July 16, 2012 The Tax Lawyer

ESOP Dividends: Arguments for Section 404(k) Dividend Deductions

Vol. 65, No. 2 - Winter 2012

David Eckhardt

Abstract

    Employers that maintain an employee stock ownership plan (ESOP) provide a method to compensate their employees while generating employee interest in the success of the employer. Congress acknowledged these benefits and passed certain tax-favorable legislation for companies that implement ESOPs to encourage their use. Unfortunately, by challenging taxpayers and issuing regulations, the Service does not share Congress’s view that certain dividends with respect to ESOPs are deductible.

    In 2010, the Eighth Circuit Court of Appeals ruled for the second time that certain dividends paid with respect to stock held by an ESOP were not deductible by an employer. The Eighth Circuit relied on its own precedent, the arguments in opinions by the Third Circuit, and the Tax Court. However, the Ninth Circuit previously reached a contradictory conclusion and allowed a deductions in different reasoning. The employer in the second Eighth Circuit case appealed to the Supreme Court, which subsequently denied certiorari. Thus, for any taxpayer employer that is still embattling challenges by the Service, the question is left to be resolved by each of the Circuit Courts of Appeals that have not ruled on the issue. Additionally, there may be some alternative methods to effectuate the same result with stronger arguments for deductibility.
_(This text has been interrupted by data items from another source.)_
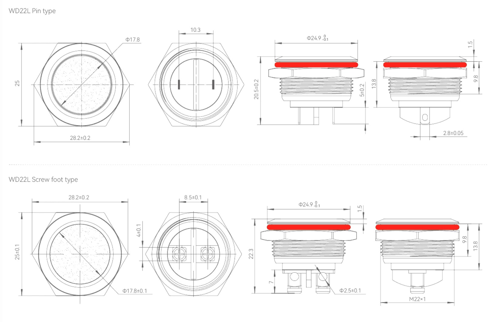 •             WD22L-P1-R-1 Металлические индикаторные лампы WD22L-P1-R-1
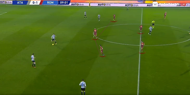 По «Роме» несколько иначе: Сапата — в самой высокой позиции, Пессина и Малиновский — узко и чуть глубже, «Аталанта» выбрала расстановку 3-4-2-1, так бергамаски прессингуют команды, которые отдают явное предпочтение схеме с тройкой защитников.
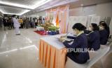 Orang-orang menandatangani buku harapan baik untuk Putri Thailand Bajrakitiyabha, berharap untuk kesembuhannya, di dalam Rumah Sakit Memorial Chulalongkorn di Bangkok, Thailand, 16 Desember 2022. Putri Thailand Bajrakitiyabha dirawat di Rumah Sakit Memorial King Chulalongkorn setelah dia jatuh pingsan pada malam hari 14 Desember 2022 karena gejala terkait jantung, Biro Rumah Tangga Kerajaan mengumumkan pada 15 Desember 2022. Dokter di rumah sakit akan melakukan pemeriksaan dan memberikan perawatan medis, tambah Biro Rumah Tangga Kerajaan. (FOTO : EPA-EFE/DIEGO AZUBEL)
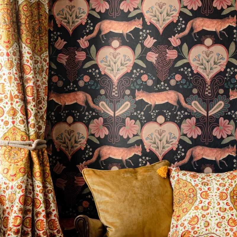 Depicting witty details of Carpathian wildlife, THE VIXEN is emblematic for our ancestors’ hunting habits as well as for traditional mirrored patterns. Bold and charming, the red fox stands out in a soothing flowery decor. Available on anthracite or taupe background.

    The issue in these cases revolves around the collision of several Code sections when a corporation effectuates a transaction involving ESOP dividends. It is common that a corporation will set up an ESOP for its employees as a method to compensate its employees for services rendered. As the employee provides services for the employer, the employee’s account in the ESOP will vest in the shares held by the plan, giving the employee an actual future interest in the ESOP. Thus, at some point in time, the employee will have a legal right to claim the vested amounts in the plan so the employee can actually use and enjoy the compensation from services the employee rendered.
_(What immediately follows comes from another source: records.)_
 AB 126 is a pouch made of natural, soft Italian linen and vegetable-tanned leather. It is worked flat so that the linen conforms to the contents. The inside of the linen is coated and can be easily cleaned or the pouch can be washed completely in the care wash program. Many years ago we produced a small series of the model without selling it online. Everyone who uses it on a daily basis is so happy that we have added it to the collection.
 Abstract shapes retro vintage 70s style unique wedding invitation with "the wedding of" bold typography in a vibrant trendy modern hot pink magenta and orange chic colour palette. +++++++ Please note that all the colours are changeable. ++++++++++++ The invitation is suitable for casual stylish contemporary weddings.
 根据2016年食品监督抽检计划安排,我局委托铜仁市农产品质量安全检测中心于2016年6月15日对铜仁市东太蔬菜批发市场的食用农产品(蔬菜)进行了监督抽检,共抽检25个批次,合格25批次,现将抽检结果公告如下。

    The initial catalyst of the transaction at issue occurs when the employee wishes to exercise his or her right in obtaining the vested amounts in the plan, which can occur when the employee terminates employment. By terminating employment, the employee also terminates participation in the ESOP.
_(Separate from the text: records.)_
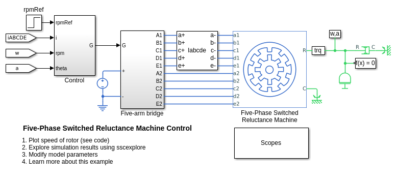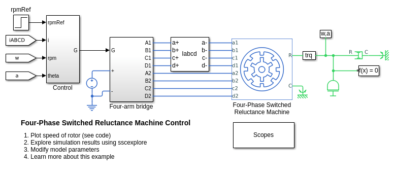 Блок Switched Reluctance Machine (Multi-Phase) представляет четырёх- или пятифазную переключенную реактивную машину (SRM).
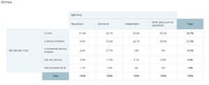 - 91.9% of Independents believe there are problems with the border. 53.8% believe the border is a crisis, 24.1% believe it's a serious problem and 14% believe it's a somewhat serious problem.
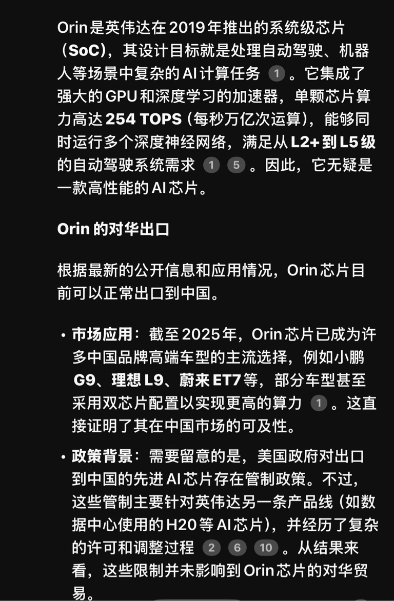 自动驾驶芯片Orin等(非受管制领域的业务)中国市场.仍在正常开展…… 德赛西威

    Through an employment agreement and under the terms of the plan, the employee becomes entitled to receive cash in the amount vested in the ESOP. Also by agreement, the employer will first distribute the money to the ESOP, with the plan subsequently distributing the money to the employee. Finally, the plan will require that the employer either redeem shares held by the ESOP equal to the participant’s account, or it must redeem shares from participants after the ESOP distributes the shares.

    Although the transaction appears relatively simple, several complicated issues require an analysis to determine whether the distribution by the employer is deductible to that corporation for income tax purposes. The Eighth Circuit, Third Circuit, and the Tax Court held—and the Service takes the position—that a corporation cannot deduct the distributions described above. This Article seeks to show how the Eighth Circuit, the Third Circuit, and the Tax Court illogically reached that conclusion. First, Part II of this Article provides information on ESOPs and certain payments that are deductible to the employer when compensating its employees. Part II also provides background information on the nondeductibility of payments made for redemption of stock, as well as the various cases that have ruled on this issue. Next, Part III examines the structure of existing judicial analysis of the issue. Part III also analyzes the relevant Code sections to show how the courts were incorrect in analyzing the issue. Part IV describes fact patterns and alternate methods that vary from the court cases and provides an analysis for deductibility in those scenarios. Finally, Part IV analyzes how the remaining Circuit Courts of Appeals that have not ruled on the issue should rule based on this Article’s analysis and the courts’ precedent.